TASK GOAL: Restate word for word the lines between the start of the material and the line with "很多時候,手臂會因為有許多動", keeping both of those ends and none of the pictures.

DATA IN THIS EXERCISE:

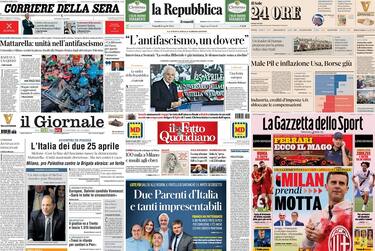 Le celebrazioni del 25 aprile, con le parole di Mattarella e Meloni e le tensioni nei cortei, la candidatura del generale Vannacci con la Lega e la revoca della condanna a Weinstein nel processo Metoo sono tra le notizie in apertura più riprese dai maggiori giornali nazionali
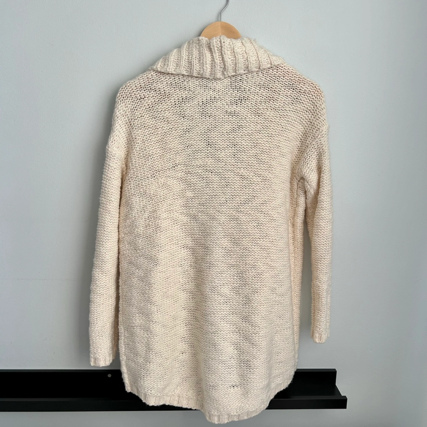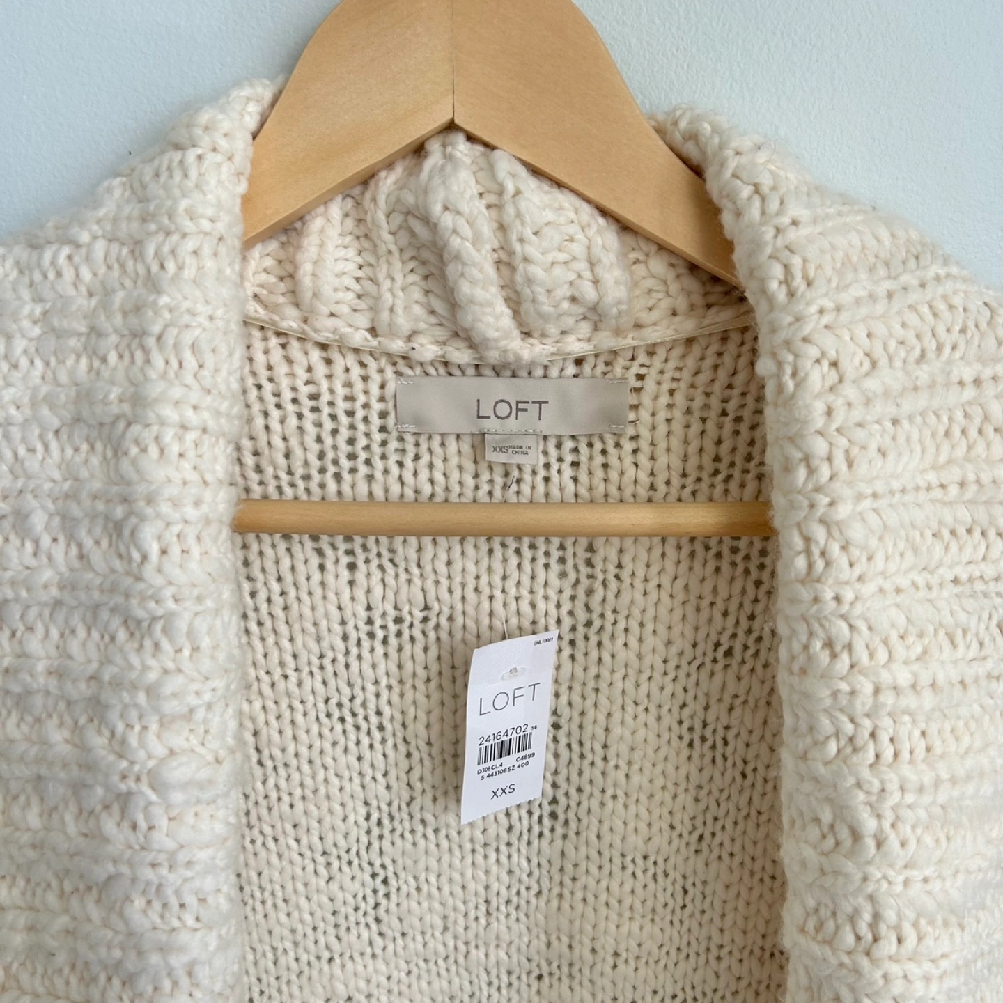 Long open-front cardigan by LOFT in a cream/ivory colour. It has a shawl collar, dropped shoulders and hits below the hip. 55% acrylic, 25% wool, 20% nylon. Very soft and not itchy! Listed as size XXS but I'm a size Small and it fits me great so it would likely fit anyone in the size range of XXS-S. New with tags! Pickup at Burnhamthorpe and East Mall or Front and Spadina
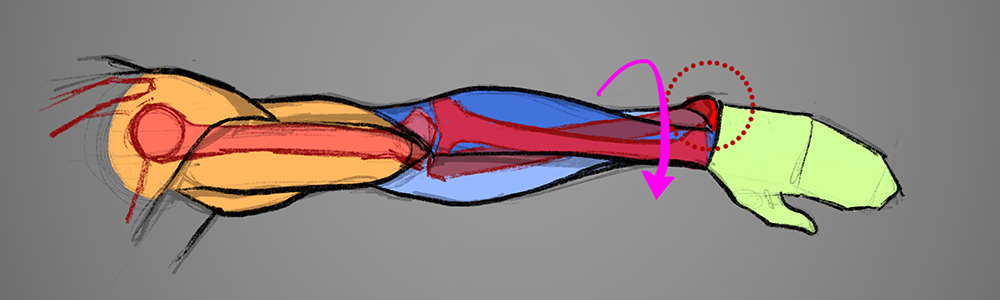 很多時候,手臂會因為有許多動作而很難畫,例如垂直、水平、對角旋轉與旋轉等。這是因為肱骨頂端是圓的,幾乎可以360º旋轉。因此這是畫手臂時的最大難關之一。就讓我介紹各位一些旋轉動作,幫助大家解決插畫中的這些問題。請仔細觀察旋轉手腕時,橈骨是如何轉到尺骨上方的。
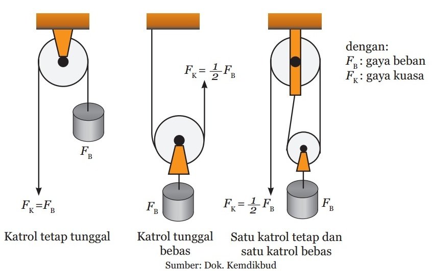 - Katrol majemuk = jumlah tali yang menyokong berat benda
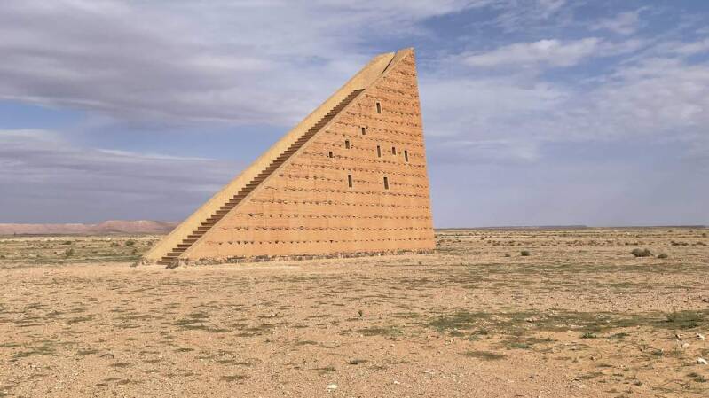Das letzte Werk des Künstlers ist zwar etwas weiter entfernt, aber schon aus größerer Entfernung zu erkennen – er nannte es „Die Himmelstreppe“. Über 52 Stufen kommt man bis nach oben und hat von dort einen fantastischen Rundumblick über die Wüste.
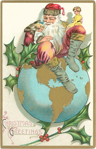 MC-95 Christmas Greetings, Santa on Globe - Vintage Image
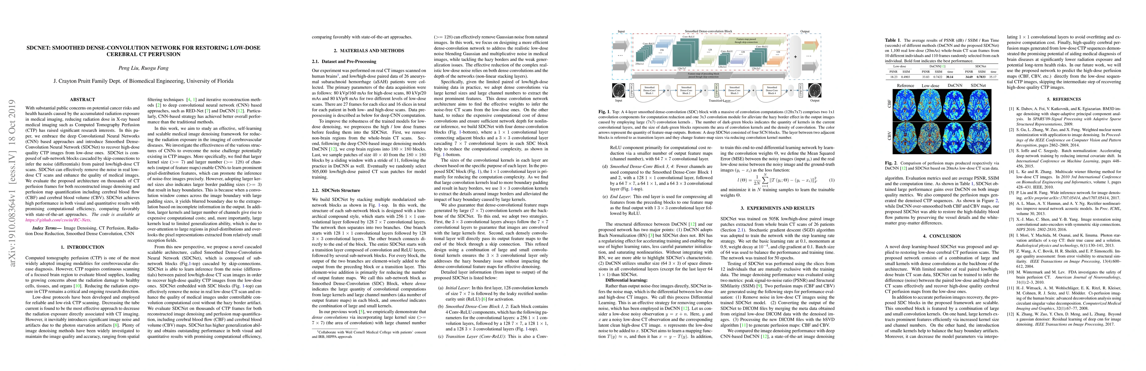 This paper introduces SDCNet, a Smoothed Dense-Convolution Neural Network for restoring high-quality Computed Tomography Perfusion (CTP) images from low-dose scans, aiming to reduce radiation exposure. The proposed network effectively removes noise and enhances image quality, achieving superior performance in both visual and quantitative metrics compared to state-of-the-art methods.
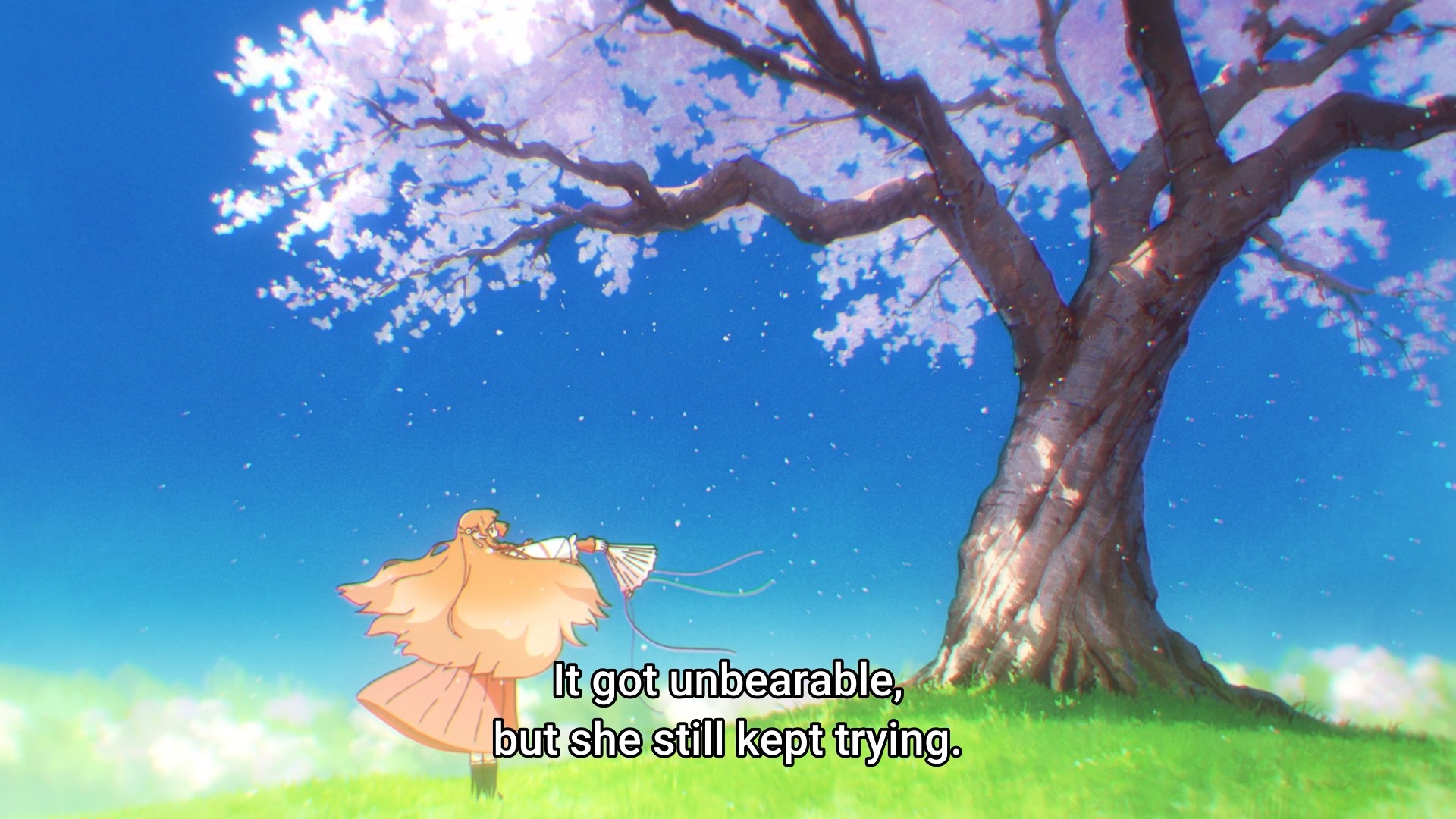 Thankfully, HInagaiku is now free, and she’s on a journey to bring a little green back in our lives. But for some reason, she has to do this in secret. I assume it’s because the people who kidnapped her are still out there. And then in the process, we’re supposed to shed tears as people reflect upon the passing of the seasons. The first episode features little girl who refuses to forget her late mother, so she makes the long trek up the mountains in order to shovel snow from her mother’s grave. But now that spring is here, she can move forward like, um, the seasons!

PROBLEM SOLUTION:
 Le celebrazioni del 25 aprile, con le parole di Mattarella e Meloni e le tensioni nei cortei, la candidatura del generale Vannacci con la Lega e la revoca della condanna a Weinstein nel processo Metoo sono tra le notizie in apertura più riprese dai maggiori giornali nazionali
 Long open-front cardigan by LOFT in a cream/ivory colour. It has a shawl collar, dropped shoulders and hits below the hip. 55% acrylic, 25% wool, 20% nylon. Very soft and not itchy! Listed as size XXS but I'm a size Small and it fits me great so it would likely fit anyone in the size range of XXS-S. New with tags! Pickup at Burnhamthorpe and East Mall or Front and Spadina
 很多時候,手臂會因為有許多動作而很難畫,例如垂直、水平、對角旋轉與旋轉等。這是因為肱骨頂端是圓的,幾乎可以360º旋轉。因此這是畫手臂時的最大難關之一。就讓我介紹各位一些旋轉動作,幫助大家解決插畫中的這些問題。請仔細觀察旋轉手腕時,橈骨是如何轉到尺骨上方的。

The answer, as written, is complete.